Pregnant individuals were excluded from COVID vaccine trials, so data on safety and efficacy during pregnancy is limited. However, scientists and medical professionals see no reason to believe the vaccines would harm pregnant, lactating, or fertility-planning individuals, based on how the vaccines function.
The American College of Obstetricians and Gynecologists has stated that the vaccine “should not be withheld” from pregnant individuals, despite their exclusion from trials. The CDC echoes this, advising that pregnant individuals may choose to get vaccinated and should consult their healthcare provider to make an informed decision.
A circulating rumor claims the spike protein mRNA resembles a placental protein, suggesting antibodies might attack the placenta and disrupt pregnancy. This is the basis for the false claim that the vaccine causes infertility or sterility.

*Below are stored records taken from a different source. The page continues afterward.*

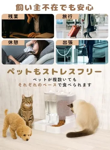 【留守中も安心】残業や旅行、出張時でも水とフードを自動補充。複数のペットも自分のペースで食べられてストレスフリー(多頭飼いOK)。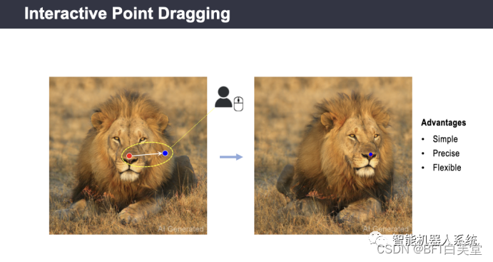 这种方式具有以下几个优点:首先,它非常简单易用,只需要两个点的坐标信息;其次,用户可以精确指定抓取点和目标点的位置和距离,从而实现高度精确的编辑和调整;最后,它非常灵活,可以应用于各种不同的图像编辑场景,例如改变图像的大小、姿态、位置等。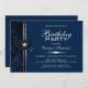Um convite de aniversário preto e azul moderno com um arco de presente preto e azul com um embelezamento de diamante no topo do nó. Apresentado de forma elegante em texto branco. Os detalhes relevantes são facilmente trocados por suas informações para seu evento especial.

However, this claim lacks evidence. In fact, there’s strong reason to believe it’s false: The spike protein produced by the mRNA is identical to the one on the actual coronavirus. If antibodies to the virus could harm pregnancy, it would affect both naturally infected individuals and vaccine recipients. But this is irrelevant because no significant similarity exists between the spike protein and the placenta.
Don’t rely solely on this explanation. If you’re pregnant or planning to conceive, consult your doctor to understand the potential risks and benefits of the COVID vaccine for your specific situation.
Myth: Vaccine development was rushed

The vaccine was developed and distributed faster than any other in history, but this doesn’t imply it was untested or that safety measures were compromised.
Both vaccines underwent trials involving over 30,000 participants, with half receiving the vaccine and half receiving a placebo. The extensive data confirms the vaccine’s safety and effectiveness.
Myth: Deaths and scary side effects are being hidden

For most individuals, the side effects of the COVID vaccines are typical of an immune response. These include arm soreness, redness, or swelling at the injection site, and possibly fatigue or fever for a day or two. The intensity of these reactions varies by person, as with other vaccines.
Serious side effects fall into two categories: those that are real or plausible, and those fabricated to spread fear on social media.
The most notable real side effect is that a few recipients of the Johnson & Johnson vaccine developed rare blood clots. This was identified through the Vaccine Adverse Event Reporting System, a government database tracking potential vaccine-related health issues. (Regulators investigate and validate serious reports.)
In response, regulators paused the vaccine to assess the risk. After determining the clotting risk was real but minimal, they allowed vaccinations to resume, provided providers and patients are informed of the risks. (The risk of clots from the vaccine is far lower than from COVID-19 itself.)
Other safety concerns exist, as with any medical treatment. For instance, a small number of people experienced severe allergic reactions, prompting the National Institute for Allergy and Infectious Diseases to plan a study to investigate further. If linked to the vaccine, such reactions appear to be exceedingly rare.
If you’ve encountered bizarre or alarming stories, they were likely fabricated for attention. Always verify before believing. For instance, a nurse fainted post-vaccination (a common reaction to injections), but rumors falsely claimed she died. Similarly, a trial participant developed a foot skin condition and blamed the vaccine online, only to later discover she was in the placebo group. Despite this, her story continued to spread.
Recently, anti-vaccine groups have misused VAERS, the vaccine injury database, by distorting data or sharing unverified claims. Keep in mind, US regulators paused the J&J vaccine over six severe clotting cases, making it unlikely that serious incidents are being overlooked.